SR. CONTENTE
Peguei um taxi no Congonhas em Sao Paulo. Ia na direção um senhor de 80 anos, que fez questão de anunciar a idade assim que começamos o papo. Adoro filosofia de praça, a sabedoria dos motoristas, aqueles boa praça que vivem de servir transportando.
A conversa foi legal. Contou que saiu da colheita de café em Goiás com 21 anos e veio tentar a vida em Sao Paulo. Taxista há mais de 50 anos, criou bem criados quatro filhos. Todos estudaram e trabalham bem empregados, todos permaneceram na cidade, casaram e lhe deram netos. A esposa que foi o amor da vida até falecer de câncer era tão perfeita e querida que nunca mais vai haver outra companheira feito ela. Disse que nunca teve saudade da vida na lavoura. Que aquilo era muito duro, pesado, cansativo, desgastante.

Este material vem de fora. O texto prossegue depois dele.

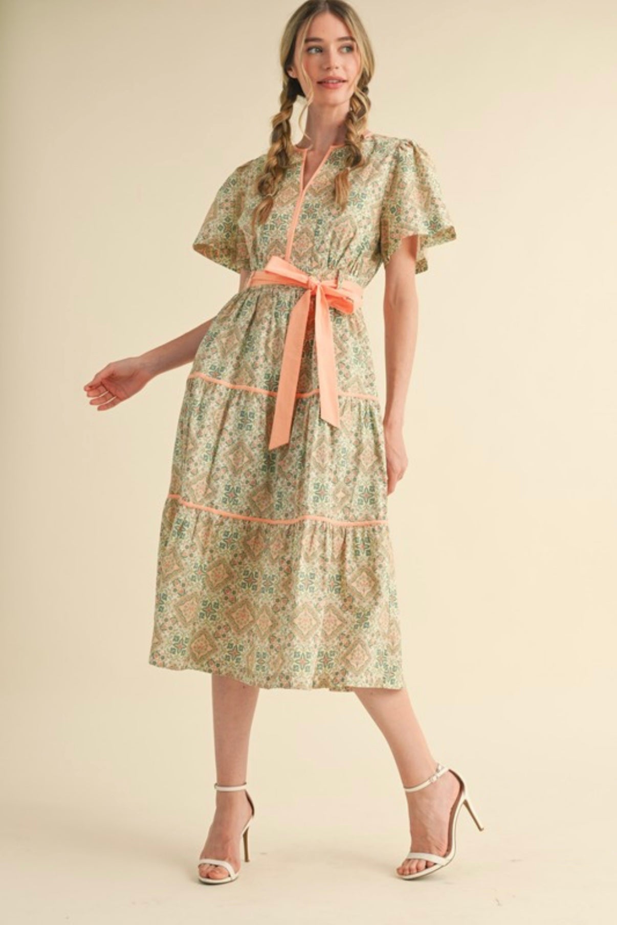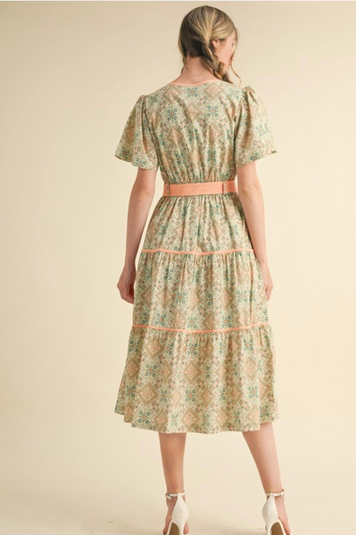 This midi dress blends effortless elegance with charming contrast details, perfect for daytime outings, brunch, or casual occasions.
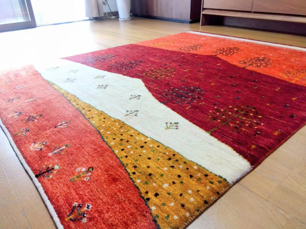 このギャッベを購入されたお客様は、長年ギャッベ購入を検討されており、様々な会場へ足を運びたくさんのギャッベを見てこられたそうです。インテリア紅葉が開催した過去のギャッベ展にも来場いただいておりました。今回来場され、「この1枚にしよう!」と、ご夫婦で選ばれました。

Nessa hora eu perguntei se não era igualmente difícil dirigir em Sao Paulo e então ele olhou pelo retrovisor com olhos de 80 anos que ainda brilham e respondeu que trabalhar nisso em São Paulo, é como sair pra passear todos os dias. Entender essa alegria pra mim, só pelo viés da gratidão. Teceu elogios a Deus que tem sido muito bom e generoso com ele. Ainda deu tempo de contar que se orgulha de não depender de GPS pra levar seus passageiros pois tem a cabeça boa e sabe de cor o mapa da cidade quase inteira.
Eu quero chegar aos 80 assim. Fiquei tão entretida com a maneira feliz de contar sua história que esqueci de perguntar seu nome.
Nos quinze minutos da corrida, ainda perguntou sobre mim. Ao saber que sou dentista e vinha a cidade estudar, me contou todo orgulhoso dos dentes sobre implantes que colocou na faculdade. Disse que foi a compra de 12 mil e tantos reais mais feliz da vida dele, porque há três anos pode comer de tudo sem ter uma dentadura 'tropeçando' na boca.
Seu 'Contente' tem mesmo o dom de viver bem - e eu gostei muito dele.